Materials provided:

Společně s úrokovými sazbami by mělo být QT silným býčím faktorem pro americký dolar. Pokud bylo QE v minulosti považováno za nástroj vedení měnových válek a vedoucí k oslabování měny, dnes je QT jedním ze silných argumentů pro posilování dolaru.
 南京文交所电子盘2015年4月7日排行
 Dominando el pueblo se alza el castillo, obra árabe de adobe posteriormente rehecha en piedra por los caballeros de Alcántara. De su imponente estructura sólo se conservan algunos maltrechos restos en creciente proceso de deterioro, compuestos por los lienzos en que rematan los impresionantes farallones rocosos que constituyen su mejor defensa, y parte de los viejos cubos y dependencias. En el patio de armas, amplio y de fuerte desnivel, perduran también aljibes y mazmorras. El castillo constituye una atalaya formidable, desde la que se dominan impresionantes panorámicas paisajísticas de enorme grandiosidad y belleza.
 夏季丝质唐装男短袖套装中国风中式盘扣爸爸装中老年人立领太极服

---

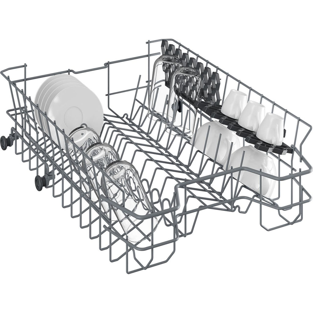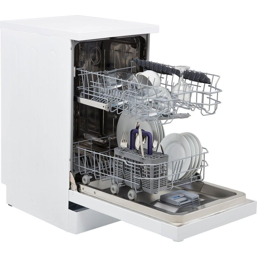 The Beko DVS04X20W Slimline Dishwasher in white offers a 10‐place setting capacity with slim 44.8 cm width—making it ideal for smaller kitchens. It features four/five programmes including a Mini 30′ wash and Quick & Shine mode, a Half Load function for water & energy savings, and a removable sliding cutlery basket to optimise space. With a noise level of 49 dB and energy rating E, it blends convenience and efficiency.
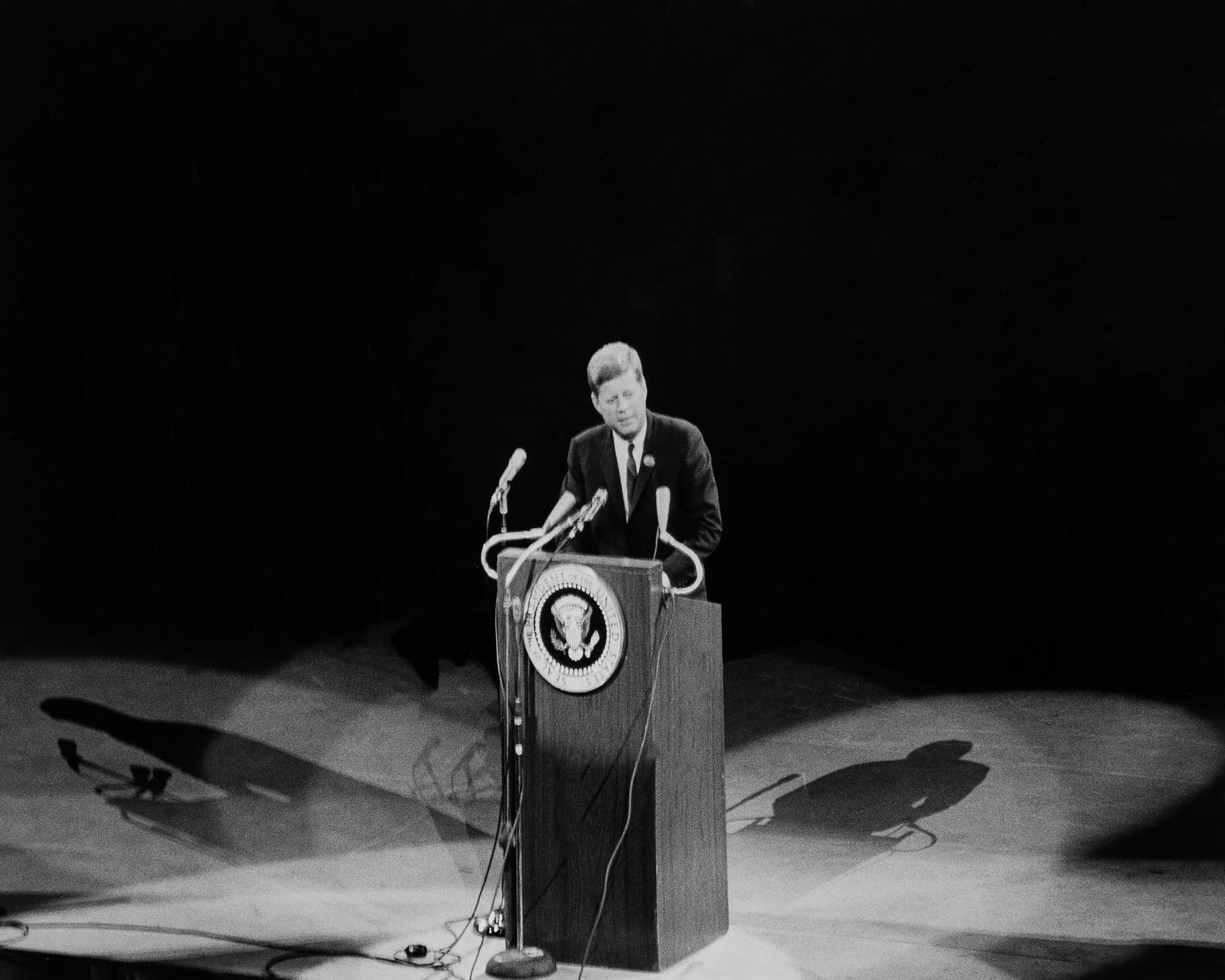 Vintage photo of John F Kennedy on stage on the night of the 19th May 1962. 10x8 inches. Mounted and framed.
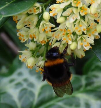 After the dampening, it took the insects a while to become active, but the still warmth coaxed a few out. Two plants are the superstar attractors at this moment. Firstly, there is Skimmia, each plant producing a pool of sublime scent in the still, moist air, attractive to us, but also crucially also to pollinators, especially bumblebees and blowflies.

What is being asked:
Of the records above, print only the lines from the one containing "Vintage photo of" through the one containing "After the dampening, it", inclusive and unaltered, leaving out pictures.

Answer section:
 Vintage photo of John F Kennedy on stage on the night of the 19th May 1962. 10x8 inches. Mounted and framed.
 After the dampening, it took the insects a while to become active, but the still warmth coaxed a few out. Two plants are the superstar attractors at this moment. Firstly, there is Skimmia, each plant producing a pool of sublime scent in the still, moist air, attractive to us, but also crucially also to pollinators, especially bumblebees and blowflies.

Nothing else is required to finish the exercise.